[[ DATA SUPPLIED, beginning ]]

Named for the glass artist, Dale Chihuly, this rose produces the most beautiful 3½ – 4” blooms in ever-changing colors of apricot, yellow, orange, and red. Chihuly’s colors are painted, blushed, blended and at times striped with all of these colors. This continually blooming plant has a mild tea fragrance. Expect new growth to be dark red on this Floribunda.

[[ DATA SUPPLIED, end ]]
[[ DATA SUPPLIED, beginning ]]

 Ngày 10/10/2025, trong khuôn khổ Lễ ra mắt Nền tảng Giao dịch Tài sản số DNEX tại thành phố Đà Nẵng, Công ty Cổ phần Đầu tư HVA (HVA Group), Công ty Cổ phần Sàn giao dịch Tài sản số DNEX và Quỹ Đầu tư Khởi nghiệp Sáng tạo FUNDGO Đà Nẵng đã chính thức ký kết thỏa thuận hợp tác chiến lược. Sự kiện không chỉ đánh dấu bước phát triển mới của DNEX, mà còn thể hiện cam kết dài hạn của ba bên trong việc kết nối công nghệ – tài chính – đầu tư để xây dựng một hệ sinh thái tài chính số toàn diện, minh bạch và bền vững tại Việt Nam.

[[ DATA SUPPLIED, end ]]
[[ DATA SUPPLIED, beginning ]]

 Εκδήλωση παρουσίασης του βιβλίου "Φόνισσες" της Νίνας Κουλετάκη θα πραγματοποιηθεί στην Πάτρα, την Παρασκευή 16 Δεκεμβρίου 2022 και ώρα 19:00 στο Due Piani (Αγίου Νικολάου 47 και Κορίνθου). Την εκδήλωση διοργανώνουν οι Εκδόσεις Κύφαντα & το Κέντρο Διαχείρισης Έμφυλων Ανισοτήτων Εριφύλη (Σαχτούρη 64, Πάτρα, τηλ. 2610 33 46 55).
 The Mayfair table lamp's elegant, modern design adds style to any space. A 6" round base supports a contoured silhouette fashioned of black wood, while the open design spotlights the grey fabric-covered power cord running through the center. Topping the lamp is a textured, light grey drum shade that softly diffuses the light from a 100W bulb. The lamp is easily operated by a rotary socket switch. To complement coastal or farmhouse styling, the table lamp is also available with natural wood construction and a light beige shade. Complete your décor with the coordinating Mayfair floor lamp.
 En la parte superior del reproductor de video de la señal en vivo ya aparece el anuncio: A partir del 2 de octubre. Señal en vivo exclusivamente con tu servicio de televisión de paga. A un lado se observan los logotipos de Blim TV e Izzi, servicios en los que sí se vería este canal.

[[ DATA SUPPLIED, end ]]

ASSIGNMENT >>
Among the lines of the listing above, which ones contain the word "with"? Show them.

RESPONSE AREA >>
Named for the glass artist, Dale Chihuly, this rose produces the most beautiful 3½ – 4” blooms in ever-changing colors of apricot, yellow, orange, and red. Chihuly’s colors are painted, blushed, blended and at times striped with all of these colors. This continually blooming plant has a mild tea fragrance. Expect new growth to be dark red on this Floribunda.
 The Mayfair table lamp's elegant, modern design adds style to any space. A 6" round base supports a contoured silhouette fashioned of black wood, while the open design spotlights the grey fabric-covered power cord running through the center. Topping the lamp is a textured, light grey drum shade that softly diffuses the light from a 100W bulb. The lamp is easily operated by a rotary socket switch. To complement coastal or farmhouse styling, the table lamp is also available with natural wood construction and a light beige shade. Complete your décor with the coordinating Mayfair floor lamp.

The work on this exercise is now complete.